Starbucks’ new CEO visits China

As Elon Musk visited China to fanfare last week, new Starbucks CEO Laxman Narasimhan was quietly making his own China tour.

The trip marks Narasimhan’s first outside of North America since assuming the role in March this year. Narasimhan visited stores in Beijing and Shanghai, where he met with “partners” (Starbucks’ term for employees).

Highlights included a coffee-tasting workshop given in sign language and a visit to the Starbucks Coffee Innovation Park, which is set to open later this year. The Coffee Innovation Park, located in Kunshan near Shanghai, is the company’s largest manufacturing investment outside of the US.

As a new addition to Starbucks’ senior leadership, Narasimhan used the trip as a chance to forge personal connections with staff on the ground in China.
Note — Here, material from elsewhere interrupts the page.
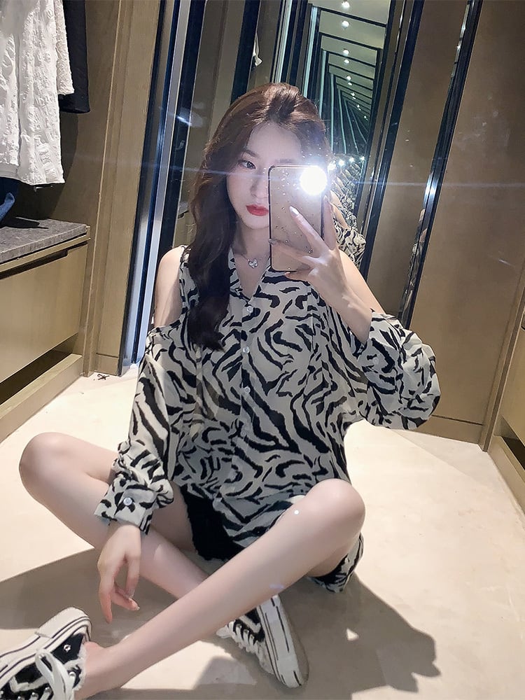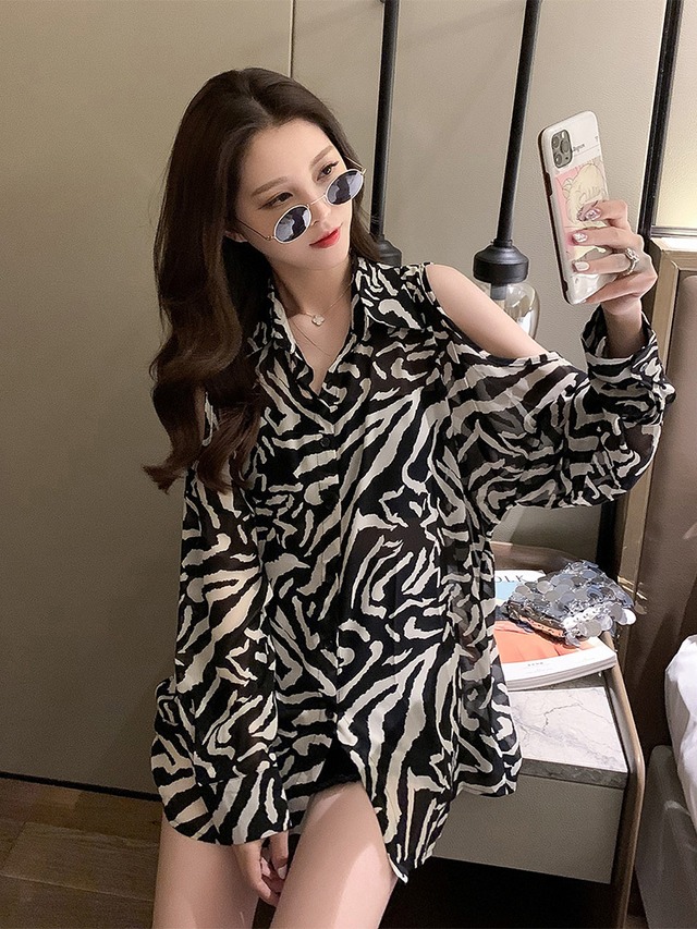 トップス シャツ 襟付きトップス 袖あり 長袖 Vネック 襟あり ストレート ワイド かわいい カジュアル おしゃれ かっこいい お洒落 レトロ 大人可愛い ラブリー キュート セクシー 主役級 無地 ゼブラ 春 夏 秋 冬 誕生日 10代 20代 レディース 女性用 学生 通学 デート 公園 パーティー イベント 着回し 普段使い 重ね着 お揃い 双子 韓国 コーデ ギフト S M L XL ゼブラ ホワイト ブラック
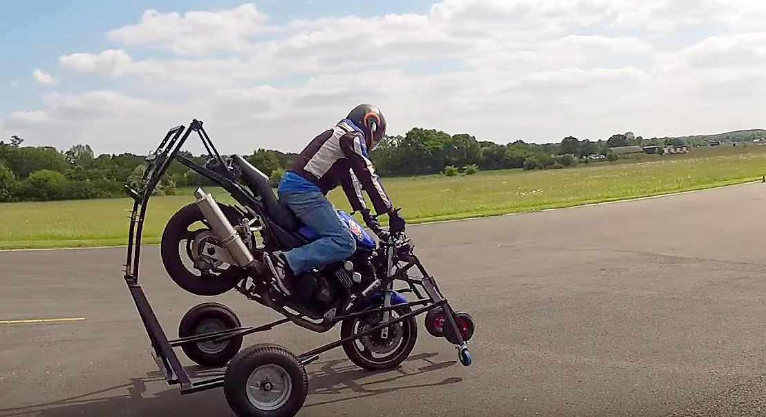 國外玩家設計了一套簡單的翹後輪教輔助系統,在車身焊上鐵架並且搭配輔助輪,讓騎士在執行翹後輪的動作時,前小輪與後支架會限制住翹的最大幅度以防止翻過去的情況發生。而側面有兩個輔助輪與車架相連防止在翹的同時左右傾倒。有這機構後就可以全心全意無顧慮的翹了!國內的玩家是不是也該來悍一組玩玩。

Focussing on the “limitless” possibilities in the Chinese market, he praised the passion of the partners, “I come with a great deal of respect…it’s amazing to see what you have done with coffee culture.”
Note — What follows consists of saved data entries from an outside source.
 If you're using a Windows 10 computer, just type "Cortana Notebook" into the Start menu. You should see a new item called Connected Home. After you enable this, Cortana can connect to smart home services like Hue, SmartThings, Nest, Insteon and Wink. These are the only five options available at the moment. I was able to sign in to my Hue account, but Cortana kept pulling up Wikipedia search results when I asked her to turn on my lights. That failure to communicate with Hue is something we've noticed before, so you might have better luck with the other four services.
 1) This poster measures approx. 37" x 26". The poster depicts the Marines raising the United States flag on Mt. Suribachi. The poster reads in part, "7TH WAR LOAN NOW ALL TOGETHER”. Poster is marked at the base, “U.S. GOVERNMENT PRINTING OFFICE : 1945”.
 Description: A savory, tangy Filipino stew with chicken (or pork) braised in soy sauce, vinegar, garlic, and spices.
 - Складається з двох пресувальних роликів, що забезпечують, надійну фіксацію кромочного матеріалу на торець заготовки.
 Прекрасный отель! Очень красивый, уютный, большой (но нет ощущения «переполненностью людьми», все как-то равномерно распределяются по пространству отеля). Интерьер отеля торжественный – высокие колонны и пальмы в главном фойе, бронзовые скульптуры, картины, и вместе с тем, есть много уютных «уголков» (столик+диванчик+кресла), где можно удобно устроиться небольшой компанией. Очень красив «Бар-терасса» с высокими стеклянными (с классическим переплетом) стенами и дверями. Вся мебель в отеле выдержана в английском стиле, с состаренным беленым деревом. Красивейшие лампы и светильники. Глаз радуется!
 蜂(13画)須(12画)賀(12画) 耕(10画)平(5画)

He also acknowledged the work of Belinda Wong, CEO of Starbucks China, saying “I know what you and our China partners have been through over the last three years… thank you for remaining courageous.”

Narasimhan will have work his work cut out for him. Starbucks’ financial report for the first quarter of 2023 showed its revenue in mainland China fell by 31% year-on-year, spurring the question “Why don’t the post-90 generation drink Starbucks?” to appear as a trending topic on Weibo, China’s Twitter equivalent.

Starbucks is no longer the status symbol it used to be in China, with its once glitzy-seeming huge glass storefronts now looking dated next to “new Chinese-style” teahouses and coffee shops. On top of that, Starbucks is more expensive than many other chains in China, but with no step up in quality.

In a bid to keep up with domestic chains like Luckin which churn out new menu options regularly, Starbucks finally brought its famous Pink Drink to mainland China in May. But to hit the target of 9,000 stores by 2025, the company may have to do more to keep China’s Gen Z and millennial coffee drinkers interested.